Jim Mattson Oct. 29, 2018, 4:25 p.m. UTC | #5

On Sun, Oct 28, 2018 at 6:58 PM, Wanpeng Li <kernellwp@gmail.com> wrote:
> We have not yet encounter memory is too fragmented to allocate kvm
> related metadata in our overcommit pools, is this true requirement
> from the product environments?

Yes.

Matthew Wilcox Oct. 29, 2018, 4:48 p.m. UTC | #6

On Mon, Oct 29, 2018 at 09:25:05AM -0700, Jim Mattson wrote:
> On Sun, Oct 28, 2018 at 6:58 PM, Wanpeng Li <kernellwp@gmail.com> wrote:
> > We have not yet encounter memory is too fragmented to allocate kvm
> > related metadata in our overcommit pools, is this true requirement
> > from the product environments?
> 
> Yes.

Are your logs granular enough to determine if turning this into an
order-2 allocation (by splitting out "struct fpu" allocations) will be
sufficient to resolve your problem, or do we need to turn it into an
order-1 or vmalloc allocation to achieve your production goals?

Jim Mattson Oct. 29, 2018, 6:12 p.m. UTC | #7

On Mon, Oct 29, 2018 at 9:48 AM, Matthew Wilcox <willy@infradead.org> wrote:
> On Mon, Oct 29, 2018 at 09:25:05AM -0700, Jim Mattson wrote:
>> On Sun, Oct 28, 2018 at 6:58 PM, Wanpeng Li <kernellwp@gmail.com> wrote:
>> > We have not yet encounter memory is too fragmented to allocate kvm
>> > related metadata in our overcommit pools, is this true requirement
>> > from the product environments?
>>
>> Yes.
>
> Are your logs granular enough to determine if turning this into an
> order-2 allocation (by splitting out "struct fpu" allocations) will be
> sufficient to resolve your problem, or do we need to turn it into an
> order-1 or vmalloc allocation to achieve your production goals?

Turning this into an order-2 allocation should suffice.

Marc Orr Oct. 29, 2018, 7:16 p.m. UTC | #8

Thanks for all the discussion on this. Give me a bit to investigate
Dave's suggestions around refactoring the fpu state, and I'll report
back with what I find.
Thanks,
Marc
On Mon, Oct 29, 2018 at 11:12 AM Jim Mattson <jmattson@google.com> wrote:
>
> On Mon, Oct 29, 2018 at 9:48 AM, Matthew Wilcox <willy@infradead.org> wrote:
> > On Mon, Oct 29, 2018 at 09:25:05AM -0700, Jim Mattson wrote:
> >> On Sun, Oct 28, 2018 at 6:58 PM, Wanpeng Li <kernellwp@gmail.com> wrote:
> >> > We have not yet encounter memory is too fragmented to allocate kvm
> >> > related metadata in our overcommit pools, is this true requirement
> >> > from the product environments?
> >>
> >> Yes.
> >
> > Are your logs granular enough to determine if turning this into an
> > order-2 allocation (by splitting out "struct fpu" allocations) will be
> > sufficient to resolve your problem, or do we need to turn it into an
> > order-1 or vmalloc allocation to achieve your production goals?
>
> Turning this into an order-2 allocation should suffice.

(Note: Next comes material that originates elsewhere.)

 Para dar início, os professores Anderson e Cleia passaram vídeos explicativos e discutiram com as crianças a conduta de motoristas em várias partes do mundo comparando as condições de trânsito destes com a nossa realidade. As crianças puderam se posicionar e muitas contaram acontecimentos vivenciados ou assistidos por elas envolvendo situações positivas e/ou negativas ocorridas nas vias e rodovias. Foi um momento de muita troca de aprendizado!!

Marc Orr Oct. 29, 2018, 7:22 p.m. UTC | #9

On Mon, Oct 29, 2018 at 12:16 PM Marc Orr <marcorr@google.com> wrote:
>
> Thanks for all the discussion on this. Give me a bit to investigate
> Dave's suggestions around refactoring the fpu state, and I'll report
> back with what I find.
> Thanks,
> Marc

Also, sorry for top-posting on my last email!

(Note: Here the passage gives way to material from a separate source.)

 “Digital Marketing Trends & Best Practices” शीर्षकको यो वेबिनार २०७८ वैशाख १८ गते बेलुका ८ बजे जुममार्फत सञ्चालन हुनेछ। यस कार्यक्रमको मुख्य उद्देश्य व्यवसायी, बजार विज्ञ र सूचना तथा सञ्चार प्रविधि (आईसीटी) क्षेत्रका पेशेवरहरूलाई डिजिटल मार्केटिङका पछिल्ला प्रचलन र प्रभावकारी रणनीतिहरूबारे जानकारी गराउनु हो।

Marc Orr Oct. 31, 2018, 1:06 p.m. UTC | #10

On Fri, Oct 26, 2018 at 7:49 AM Dave Hansen <dave.hansen@intel.com> wrote:
>
> On 10/26/18 7:45 AM, Matthew Wilcox wrote:
> >         struct fpu                 user_fpu;             /*  2176  4160 */
> >         struct fpu                 guest_fpu;            /*  6336  4160 */
>
> Those are *not* supposed to be embedded in any other structures.  My bad
> for not documenting this better.
>
> It also seems really goofy that we need an xsave buffer in the
> task_struct for user fpu state, then another in the vcpu.  Isn't one for
> user state enough?
>
> In any case, I'd suggest getting rid of 'user_fpu', then either moving
> 'guest_fpu' to the bottom of the structure, or just make it a 'struct
> fpu *' and dynamically allocating it separately.

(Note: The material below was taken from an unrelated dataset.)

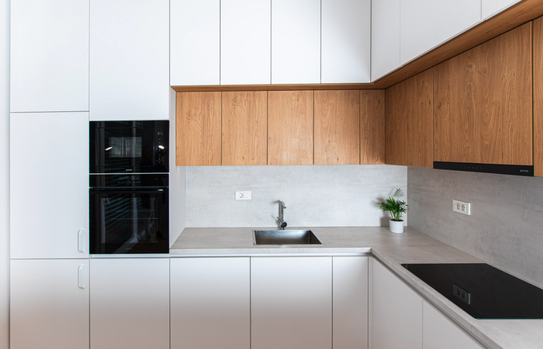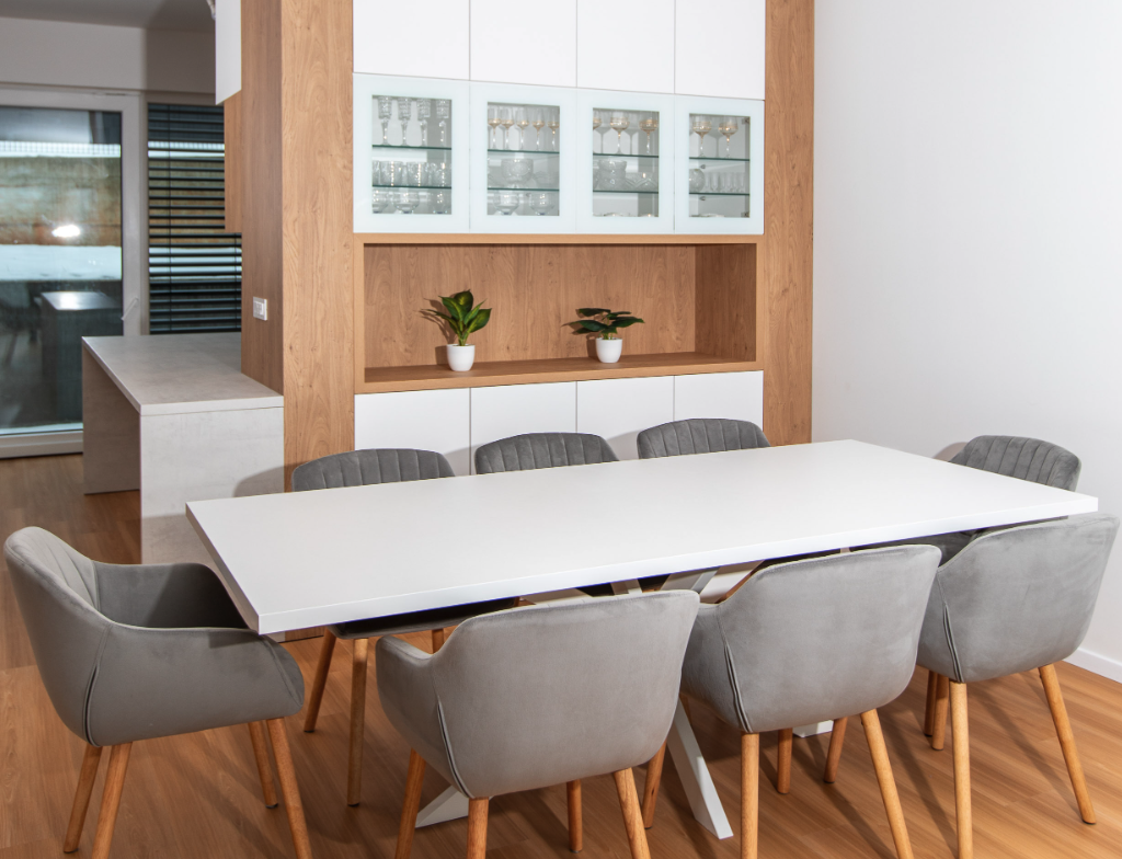 Celotna oprema je izdelana v kombinaciji dveh barv: osnovne bele, ki deluje sveže in elegantno ter hrastovega furnirja, ki dodaja prostorom občutek topline. Kombinacija deluje moderno in elegantno, a hkrati domače. Prostorna kuhinja je oblikovana v obliki črke U. V nizkih omarah so veliki predali, ki omogočajo pregledno shranjevanje posode ali živeža. Hladilnik in pomivalni stroj sta optično zakrita z belimi ličnicami omar. Viseče omare so v dveh globinah: v nižjih so priročno shranjena posoda in živila, ki jih dnevno uporabljamo, v višjih, ki segajo do stropa, pa lahko shranimo stvari, ki jih potrebujemo bolj občasno. Pult osvetljujejo LED luči, ki so diskretno umeščene pod viseče omarice. Del kuhinjskega pulta služi tudi kot t.i. šank, kjer lahko družinski član na hitro nekaj prigrizne ali posedi ob klepetu s tistim, ki pripravlja obrok. Jedilnica vsebuje veliko mizo za osem oseb in omaro do stropa z nišo in steklenimi vitrinami.

I've written a patch to get rid of user_fpu, as suggested here and
will be sending that out shortly.

>
> To do this, I'd take fpu__init_task_struct_size(), and break it apart a
> bit to tell you the size of the 'struct fpu' separately from the size of
> the 'task struct'.

I've written a 2nd patch to make guest_cpu  a 'struct fpu *' and
dynamically allocate it separately. The reason I went with this
suggestion, rather than moving 'struct fpu' to the bottom of
kvm_vcpu_arch is because I believe that solution would still expand
the kvm_vcpu_arch by the size of the fpu, according to which
fpregs_state was in use.

Marc Orr Oct. 31, 2018, 1:17 p.m. UTC | #11

On Mon, Oct 29, 2018 at 9:48 AM Matthew Wilcox <willy@infradead.org> wrote:
>
> On Mon, Oct 29, 2018 at 09:25:05AM -0700, Jim Mattson wrote:
> > On Sun, Oct 28, 2018 at 6:58 PM, Wanpeng Li <kernellwp@gmail.com> wrote:
> > > We have not yet encounter memory is too fragmented to allocate kvm
> > > related metadata in our overcommit pools, is this true requirement
> > > from the product environments?
> >
> > Yes.
>
> Are your logs granular enough to determine if turning this into an
> order-2 allocation (by splitting out "struct fpu" allocations) will be
> sufficient to resolve your problem, or do we need to turn it into an
> order-1 or vmalloc allocation to achieve your production goals?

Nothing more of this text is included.